Lanham MD: Hamilton Books, 2006
Chronological appendix, maps, annotated bibliography
Volume I: Northern South America, 426 pages, ISBN 0-7618-3437-0, US$ 58.00
Volume II: Southern South America , 524 pages, ISBN 0-7618-3438-9, US$ 58.00

 

This book is clearly a labour of love. Moises Enrique Rodríguez describes himself as an engineer who has led a ‘double life.’ He spent almost twenty-five years indulging his passion for history by researching the fascinating and diverse experiences of the 10,000 British volunteers who joined the fight for Spanish American independence between 1817 and 1824. These two volumes are the result of his long-standing interest in the stories of the many adventurers who left their country to cast their lot with the fate of unknown people living in a distant, and very different, land. The author has taken a biographical approach to his subject and, quite naturally, focused mainly on the military aspects of the British soldiers’ and sailors’ lives in Latin America. He has also included elements of diplomacy, intrigue, commerce and culture where they are relevant. Rodríguez has a pleasant and readable style and the book benefits from his evident enthusiasm for the subject.

Although it is not entirely true, as Rodríguez claims, that the presence and contribution of these British volunteers has been forgotten, he is correct to note that there have been few attempts to draw together the experiences of Britons in both the northern and southern Spanish American theatres of war, not to mention their contribution to Brazilian independence. To this end, the author has done a great service to scholarship by gathering together the stories of these people and making them available to the English-speaking reader in one monograph. Rodríguez plainly states that he is not a professional historian and makes it clear that his book is not intended to be an academic study drawn from archival sources; instead, he set out to satisfy his ‘personal interest, curiosity, and manic Anglophilia’ (I: 2) by telling a ‘good yarn based on fact and not on fiction’ (II: 921). Freedom'’s Mercenaries is based on a multitude of contemporary printed participant accounts, and dozens of secondary books and articles.
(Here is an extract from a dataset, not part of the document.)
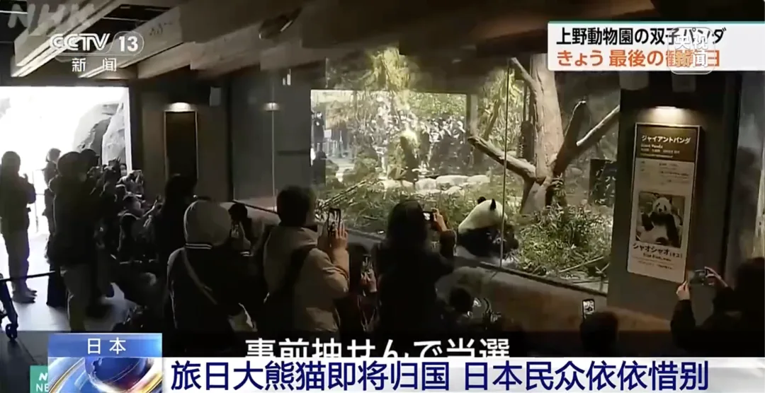 当地时间1月25日,日本东京上野动物园的两只旅日大熊猫“晓晓”和“蕾蕾”迎来开放参观的最后一天。大批民众从日本各地赶来与它们告别,很多人都没忍住落泪,还有小朋友表示“熊猫要离开了,好寂寞”。

Rodríguez structured his book as a series of biographical chapters. Volume One deals with the British volunteers who fought in the wars of northern South America (present-day Colombia, Venezuela, Ecuador and Peru). These were the well-known, land-based military campaigns led by Simón Bolívar, José Antonio Páez, and Antonio José de Sucre. The British and Irish Legions began arriving in 1817 and included such famous or notorious soldiers, merchants and generals as: John Robertson, James English, George Elsom, James Rooke, John Devereux, Gregor McGregor, John Illingworth, and Daniel Florencio O’Leary. Readers curious about the activities of the Irish Legion in Colombia and Venezuela will want to pay particular attention to Chapter Ten, dedicated specifically to the Legion.The chapter opens with the siege of Cartagena in 1815, but its principal focus is the Irish Legion’s military campaigns between 1817 and 1821, including their controversial mutiny at Riohacha in 1820. Rodríguez describes the Irish Legion’s performance in Venezuela and Colombia as ‘a sorry tale’ and judges that they ‘performed no deed of military value.’ (I: 176). Nevertheless, he indicates that the presence of this unit engaged Spanish troops on the Caribbean coast which could otherwise have been used against Bolívar in other theatres of operation. He also recognises the contribution of former members of the Legion such as Francis Burdett O’Connor. The author concludes the chapter by hinting at the long-term influence of persons of Irish descent in the region’s public institutions.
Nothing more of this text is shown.